In [2]:
from __future__ import division
import pandas as pd
import numpy as np
import string
import matplotlib.pyplot as plt
import re
import enchant
from pymongo import MongoClient
from sklearn.feature_extraction.text import TfidfVectorizer
from sklearn.decomposition import PCA
from imblearn.over_sampling import RandomOverSampler
import seaborn as sns
import pdb
%matplotlib inline

In [3]:
connection = MongoClient()
db = connection.wta

def mongo2PandasClean(mongodb, drop_id=True):
    df = pd.DataFrame(list(mongodb.find()))
    if drop_id:
        del df['_id']
    return df

In [4]:
train_df = mongo2PandasClean(db.trainingTR)

In [5]:
train_df.head()

Unnamed: 0,Name,Rating,Text
0,Pine Ridge Trail to Sykes Hot Springs,5,Not much to see but the hot springs are worth ...
1,Pine Ridge Trail to Sykes Hot Springs,3,The proximity to San Francisco is super conven...
2,Pine Ridge Trail to Sykes Hot Springs,1,We hiked in and back in one day.

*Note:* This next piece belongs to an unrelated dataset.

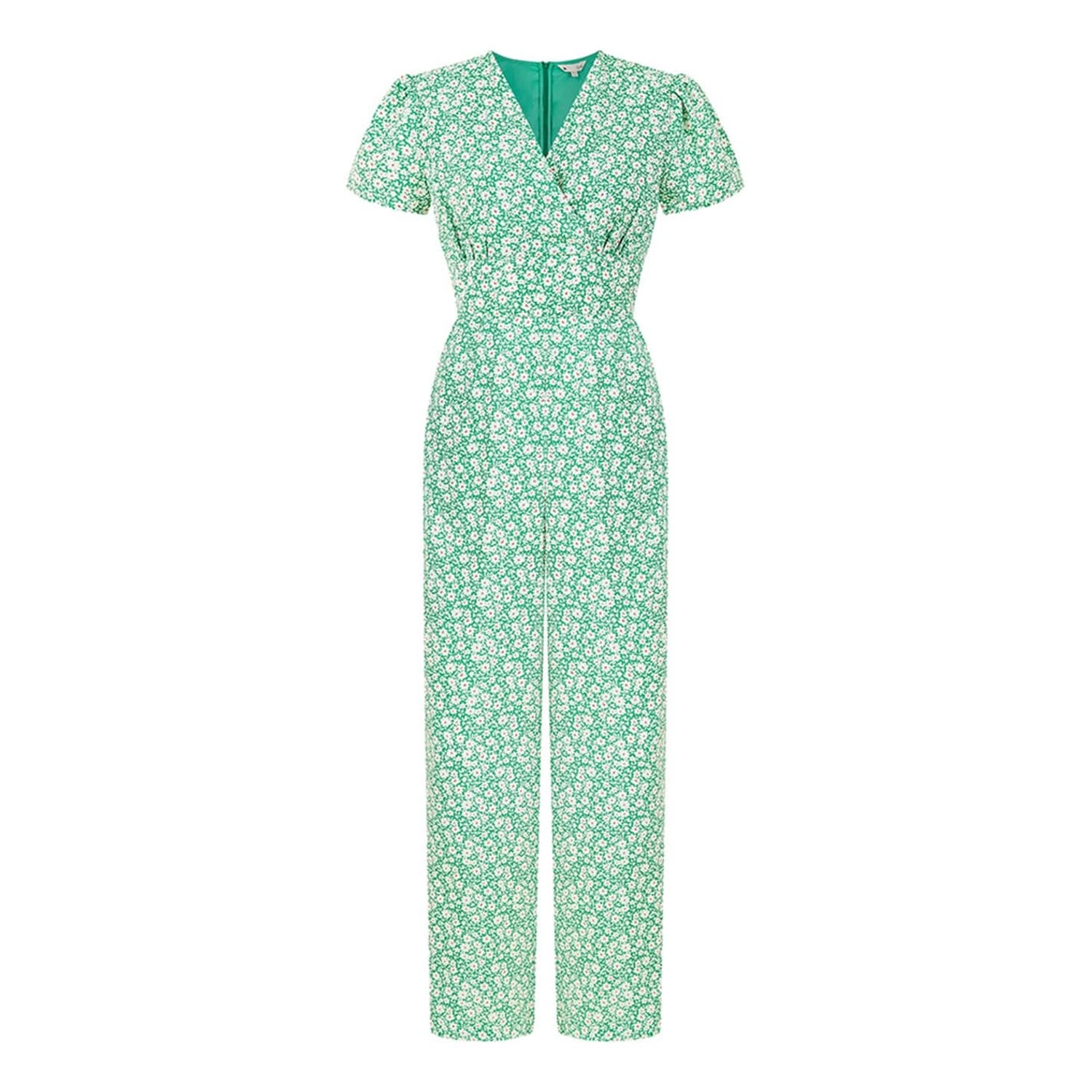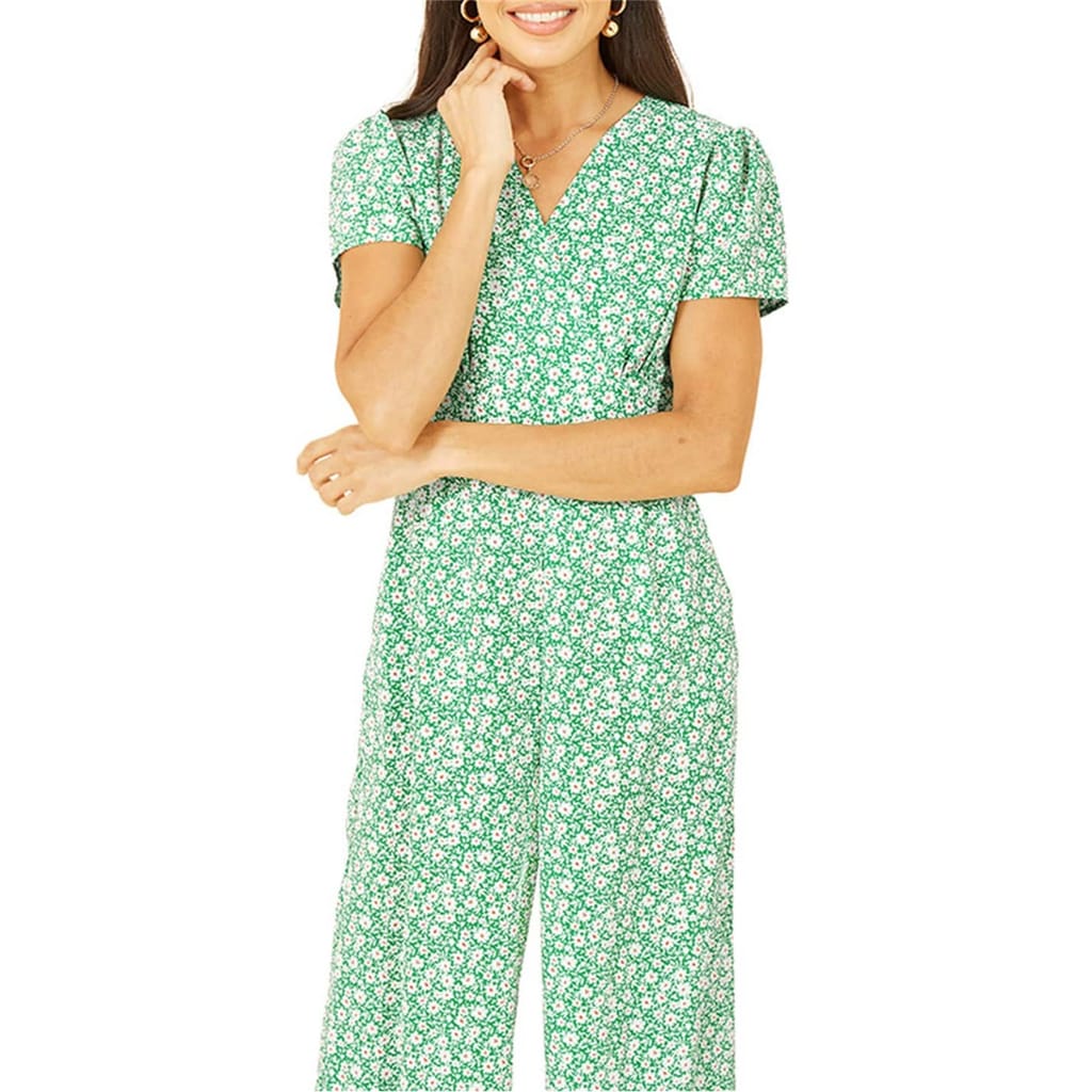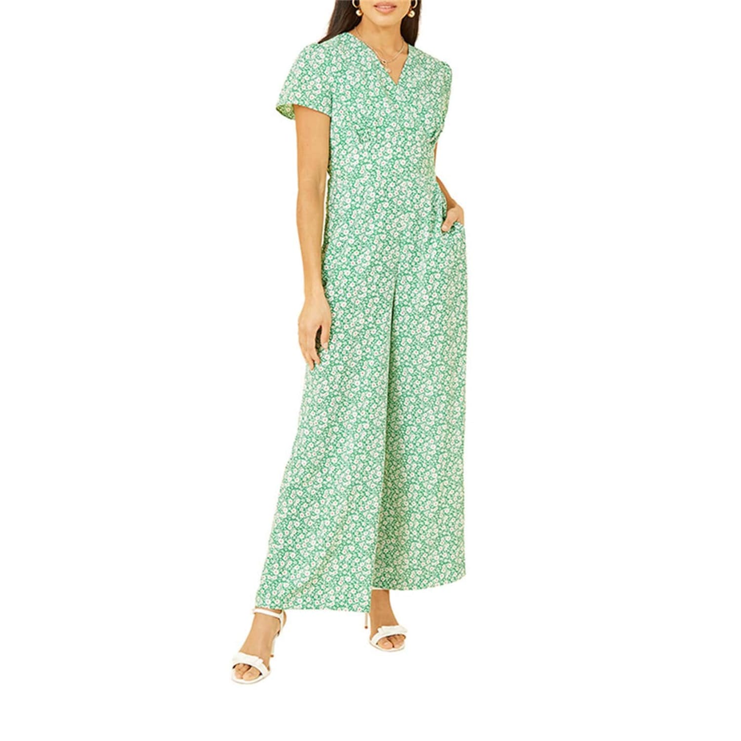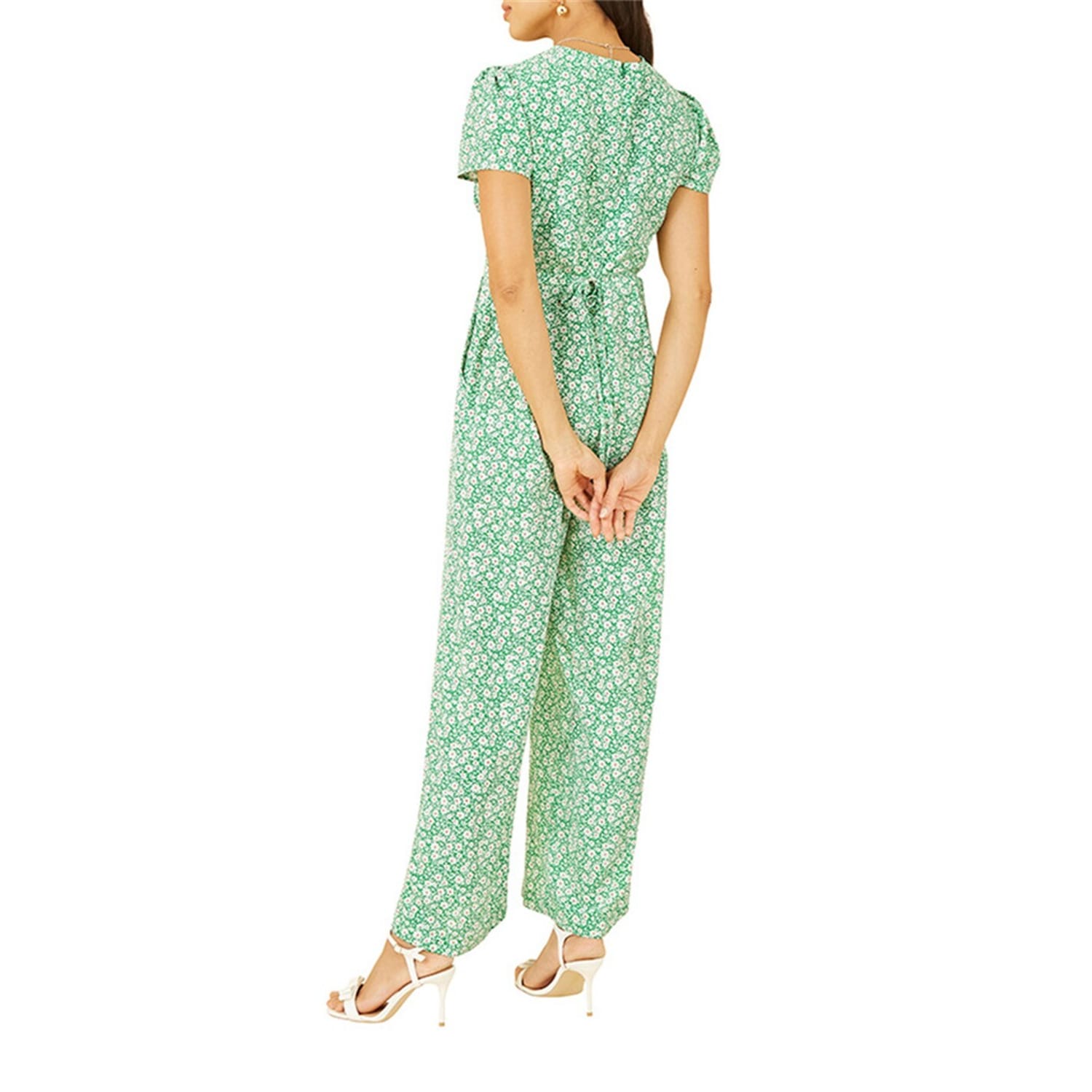 Discover the Yumi floral wrap jumpsuit, featuring a V-Neck and short plain sleeves. This relaxed fit design is adorned with practical pockets, offering both style and functionality. -

A little ove...
3,Pine Ridge Trail to Sykes Hot Springs,3,This hike is very strenuous. The first 4 mile...
4,Pine Ridge Trail to Sykes Hot Springs,5,"Challenging, beautiful and worth it! go mid we..."


In [6]:
train_df['Rating'].value_counts()

5    369
4    127
3     20
1      4
2      3
Name: Rating, dtype: int64

So imbalanced!  So for this I'm going to use scikit-learn's imbalance package.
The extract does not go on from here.